14 Functional Module Identification
This chapter describes how to identify functional modules using the MAPA Shiny application. The Shiny web app provides an intuitive interface for clustering similar pathways into functional modules and assessing clustering quality.
Prerequisites: Before identifying functional modules, ensure you have either:
- Completed pathway similarity calculation in the current session using the Pathway Similarity section as described in the previous chapter, OR
- Upload existing similarity results using the file upload option at the top of the interface.
The similarity calculation results are required for functional module identification to proceed.
14.1 Overview
The Module Identification section in the MAPA Shiny web app lets you run clustering directly on the pathway similarity matrix and then assess clustering quality with built-in diagnostics.
This two-step flow (cluster → assess quality) helps you produce biologically meaningful pathway modules.
14.2 Step 1: Load Your Data
Option 1: Continue from Previous Step
If you have completed pathway similarity calculation in the current session, your data will automatically be available for module identification.
Option 2: Upload Existing Results
If you have previously saved similarity results, you can upload them:
- Click “Browse” at the top of the left panel “Upload Similarity Result (.rda)” to upload your similarity results file (.rda format)
- Select your file
- Wait for validation - the app will automatically detect the input type and prepare for Module Identification.
14.3 Step 2: Perform Module Identification
Set parameters:
Similarity cutoff: Controls the sparsity/cut level used by the selected method.

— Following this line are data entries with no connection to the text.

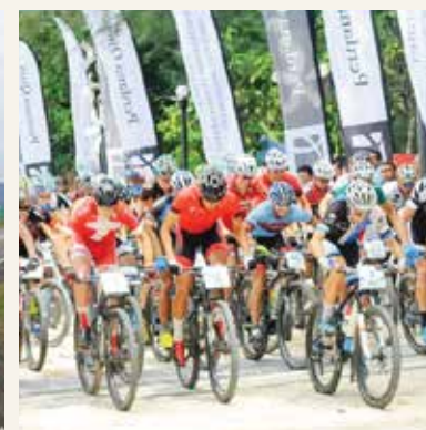
• Kisap MTB Challenge
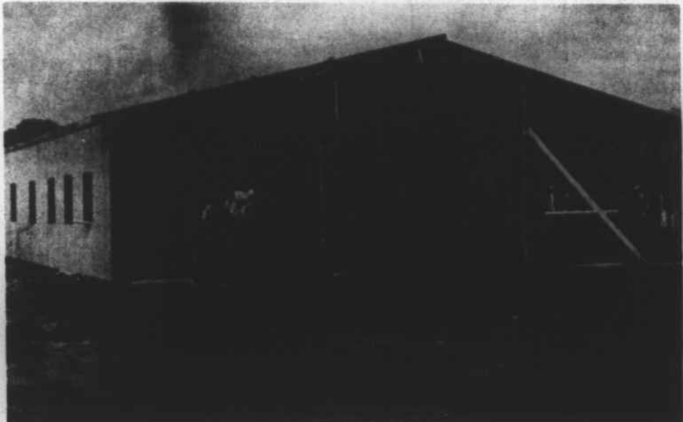
Three North Carolina State Forest Rangers are shown working on the Forest Ranger work center at Peachtree. The Rangers are doing their own construction work because of lack of funds. The building will consist of three offices and a workshop. A 1500 foot air-strip will be located directly behind the building.
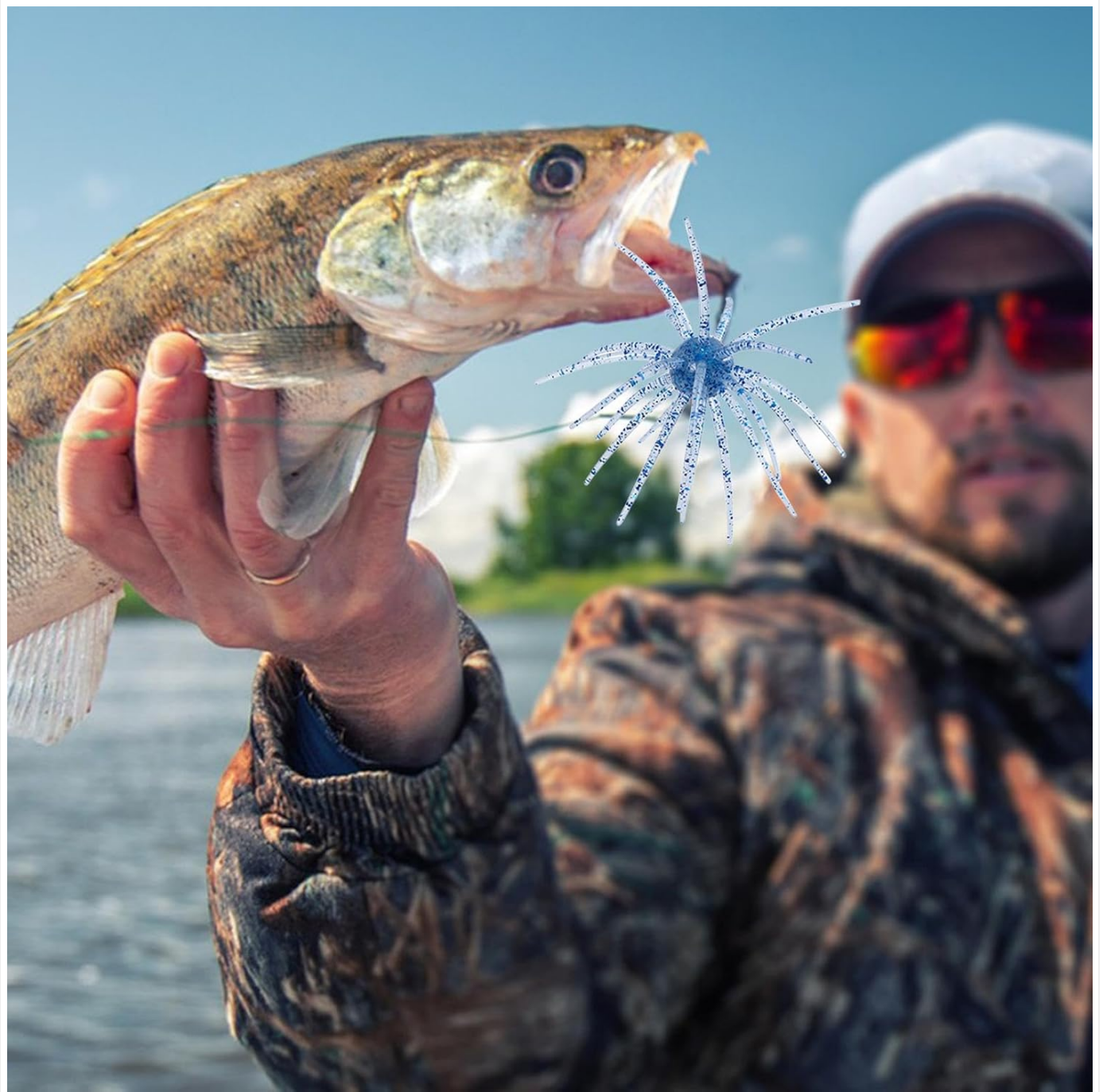
Figure 3: Example of a fish caught using the Soft Bait Sea Urchin Lure, demonstrating its effectiveness.

Smaller values generally retain more edges and yield larger modules; larger values retain fewer edges and yield smaller modules. (Exact behavior varies by algorithm.)
Clustering method: Choose from the available methods in the dropdown.
Hierarchical linkage (shown only when a hierarchical method is selected): Choose the agglomeration linkage.
Click “Submit” to run Module Identification.
Monitor progress clustering typically completes within minutes
Review results under “Module identification result” (Table / Data visualization / R object).
14.4 Step 3: Review Module Identification Results
After clustering finishes, examine your results in “Module identification result” with three sub-tabs:
Browse the functional module results and download as CSV:
- View: Complete functional module results table with key metrics
- Download: Click “Download” button to save results as CSV for further analysis
Key result columns:
- module: Functional Module identifier (e.g., “Functional_module_127”)
- module_annotation: Representative pathway name (lowest p-value for ORA, highest |NES| for GSEA)
- Description: Names of all pathways in the module (separated by
;) - module_content: All pathway/term IDs grouped in this module
- Count: Number of genes/metabolites from input list in the module
- p_adjust: Best (lowest) adjusted p-value among pathways in the module

Generate similarity network plots to visualize functional modules:
- Configure plot parameters:
- Degree cutoff: Minimum pathways per module to display
- Text: Show representative module names
- Text all: Show all pathway names
- Click “Generate plot” to create the network visualization
- Examine the network to understand module relationships and structure

Access the complete results object for further analysis:
- View: Summary of the complete functional module analysis
- Download: Save the complete object (.rda format) for use in R

14.5 Step 4: Assess Clustering Quality
Use the Quality assessment panel to inspect:
Module size: Distribution of module sizes. Avoid many singletons or one giant module.
Silhouette scores: Higher values indicate better cluster separation.
Quality metrics table: Tabular metrics summarizing clustering quality. You can download results; plot Width/Height controls are available where applicable.
You can upload a module identification result (.rda) here if you ran clustering elsewhere and only want to assess quality.
14.6 Step 5: View Analysis Code
Click the “Code” button to see the exact R code that replicates your analysis:
- Module Identification Code: Shows the code used for clustering with your chosen algorithm and cutoff
- Quality Assessment Code: Shows code used to generate size distribution, silhouette plots, and the metrics table
This code can be copied and used in your own R scripts for reproducible analysis.
14.7 Next Steps
Once your functional module identification is complete:
- Download Results: Save both the table and R object for backup and further analysis
- Proceed to LLM Interpretation: Click the “Next” button to move to LLM Interpretation for AI-powered functional annotations of your modules
The functional modules will automatically be available for the next step in your MAPA analysis workflow, where you can add biological context and interpretations using large language models.